[Opening Listed entries section]

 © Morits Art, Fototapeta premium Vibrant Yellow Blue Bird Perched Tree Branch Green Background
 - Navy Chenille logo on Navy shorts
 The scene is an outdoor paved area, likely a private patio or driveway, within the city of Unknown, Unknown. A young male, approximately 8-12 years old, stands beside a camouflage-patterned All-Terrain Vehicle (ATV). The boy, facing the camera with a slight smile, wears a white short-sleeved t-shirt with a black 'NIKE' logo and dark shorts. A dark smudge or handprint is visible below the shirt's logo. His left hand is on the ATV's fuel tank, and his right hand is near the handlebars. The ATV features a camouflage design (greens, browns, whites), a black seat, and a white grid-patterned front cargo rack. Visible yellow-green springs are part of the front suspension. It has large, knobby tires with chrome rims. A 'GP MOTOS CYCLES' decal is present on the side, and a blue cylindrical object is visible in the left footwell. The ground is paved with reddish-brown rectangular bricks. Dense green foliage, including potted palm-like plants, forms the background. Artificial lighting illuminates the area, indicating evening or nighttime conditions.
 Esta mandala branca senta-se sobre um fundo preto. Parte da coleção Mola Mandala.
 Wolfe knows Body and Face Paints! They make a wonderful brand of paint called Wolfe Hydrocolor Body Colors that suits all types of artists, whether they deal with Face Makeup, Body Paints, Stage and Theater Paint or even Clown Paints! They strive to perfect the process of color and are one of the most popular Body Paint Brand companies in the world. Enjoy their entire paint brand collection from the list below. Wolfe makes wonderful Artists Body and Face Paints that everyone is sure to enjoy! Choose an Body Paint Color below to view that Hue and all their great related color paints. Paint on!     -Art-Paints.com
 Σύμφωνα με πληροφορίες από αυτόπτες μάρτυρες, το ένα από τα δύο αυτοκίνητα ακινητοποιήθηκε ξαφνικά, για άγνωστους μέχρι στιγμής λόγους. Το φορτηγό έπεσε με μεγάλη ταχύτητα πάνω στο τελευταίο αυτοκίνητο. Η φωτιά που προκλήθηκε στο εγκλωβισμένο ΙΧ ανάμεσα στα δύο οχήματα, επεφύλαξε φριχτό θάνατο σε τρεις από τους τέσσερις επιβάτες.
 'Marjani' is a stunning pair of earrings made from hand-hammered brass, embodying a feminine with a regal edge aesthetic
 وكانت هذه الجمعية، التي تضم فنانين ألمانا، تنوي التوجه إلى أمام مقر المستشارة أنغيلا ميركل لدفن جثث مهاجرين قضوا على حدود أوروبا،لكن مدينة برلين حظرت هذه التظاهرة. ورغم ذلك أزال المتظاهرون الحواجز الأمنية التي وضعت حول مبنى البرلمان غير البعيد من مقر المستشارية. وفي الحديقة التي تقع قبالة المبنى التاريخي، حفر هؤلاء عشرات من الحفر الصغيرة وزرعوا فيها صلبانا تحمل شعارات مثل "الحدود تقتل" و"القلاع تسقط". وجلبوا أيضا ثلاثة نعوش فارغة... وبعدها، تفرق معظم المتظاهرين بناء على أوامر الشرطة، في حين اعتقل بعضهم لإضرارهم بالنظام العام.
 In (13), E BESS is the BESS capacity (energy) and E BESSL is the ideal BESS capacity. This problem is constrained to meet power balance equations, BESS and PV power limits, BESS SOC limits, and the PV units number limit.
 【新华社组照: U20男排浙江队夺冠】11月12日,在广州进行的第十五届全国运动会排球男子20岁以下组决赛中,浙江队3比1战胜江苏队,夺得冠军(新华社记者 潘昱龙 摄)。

[Closing Listed entries section]

Once you have read the records, write every one of them out again exactly.

 © Morits Art, Fototapeta premium Vibrant Yellow Blue Bird Perched Tree Branch Green Background
 - Navy Chenille logo on Navy shorts
 The scene is an outdoor paved area, likely a private patio or driveway, within the city of Unknown, Unknown. A young male, approximately 8-12 years old, stands beside a camouflage-patterned All-Terrain Vehicle (ATV). The boy, facing the camera with a slight smile, wears a white short-sleeved t-shirt with a black 'NIKE' logo and dark shorts. A dark smudge or handprint is visible below the shirt's logo. His left hand is on the ATV's fuel tank, and his right hand is near the handlebars. The ATV features a camouflage design (greens, browns, whites), a black seat, and a white grid-patterned front cargo rack. Visible yellow-green springs are part of the front suspension. It has large, knobby tires with chrome rims. A 'GP MOTOS CYCLES' decal is present on the side, and a blue cylindrical object is visible in the left footwell. The ground is paved with reddish-brown rectangular bricks. Dense green foliage, including potted palm-like plants, forms the background. Artificial lighting illuminates the area, indicating evening or nighttime conditions.
 Esta mandala branca senta-se sobre um fundo preto. Parte da coleção Mola Mandala.
 Wolfe knows Body and Face Paints! They make a wonderful brand of paint called Wolfe Hydrocolor Body Colors that suits all types of artists, whether they deal with Face Makeup, Body Paints, Stage and Theater Paint or even Clown Paints! They strive to perfect the process of color and are one of the most popular Body Paint Brand companies in the world. Enjoy their entire paint brand collection from the list below. Wolfe makes wonderful Artists Body and Face Paints that everyone is sure to enjoy! Choose an Body Paint Color below to view that Hue and all their great related color paints. Paint on!     -Art-Paints.com
 Σύμφωνα με πληροφορίες από αυτόπτες μάρτυρες, το ένα από τα δύο αυτοκίνητα ακινητοποιήθηκε ξαφνικά, για άγνωστους μέχρι στιγμής λόγους. Το φορτηγό έπεσε με μεγάλη ταχύτητα πάνω στο τελευταίο αυτοκίνητο. Η φωτιά που προκλήθηκε στο εγκλωβισμένο ΙΧ ανάμεσα στα δύο οχήματα, επεφύλαξε φριχτό θάνατο σε τρεις από τους τέσσερις επιβάτες.
 'Marjani' is a stunning pair of earrings made from hand-hammered brass, embodying a feminine with a regal edge aesthetic
 وكانت هذه الجمعية، التي تضم فنانين ألمانا، تنوي التوجه إلى أمام مقر المستشارة أنغيلا ميركل لدفن جثث مهاجرين قضوا على حدود أوروبا،لكن مدينة برلين حظرت هذه التظاهرة. ورغم ذلك أزال المتظاهرون الحواجز الأمنية التي وضعت حول مبنى البرلمان غير البعيد من مقر المستشارية. وفي الحديقة التي تقع قبالة المبنى التاريخي، حفر هؤلاء عشرات من الحفر الصغيرة وزرعوا فيها صلبانا تحمل شعارات مثل "الحدود تقتل" و"القلاع تسقط". وجلبوا أيضا ثلاثة نعوش فارغة... وبعدها، تفرق معظم المتظاهرين بناء على أوامر الشرطة، في حين اعتقل بعضهم لإضرارهم بالنظام العام.
 In (13), E BESS is the BESS capacity (energy) and E BESSL is the ideal BESS capacity. This problem is constrained to meet power balance equations, BESS and PV power limits, BESS SOC limits, and the PV units number limit.
 【新华社组照: U20男排浙江队夺冠】11月12日,在广州进行的第十五届全国运动会排球男子20岁以下组决赛中,浙江队3比1战胜江苏队,夺得冠军(新华社记者 潘昱龙 摄)。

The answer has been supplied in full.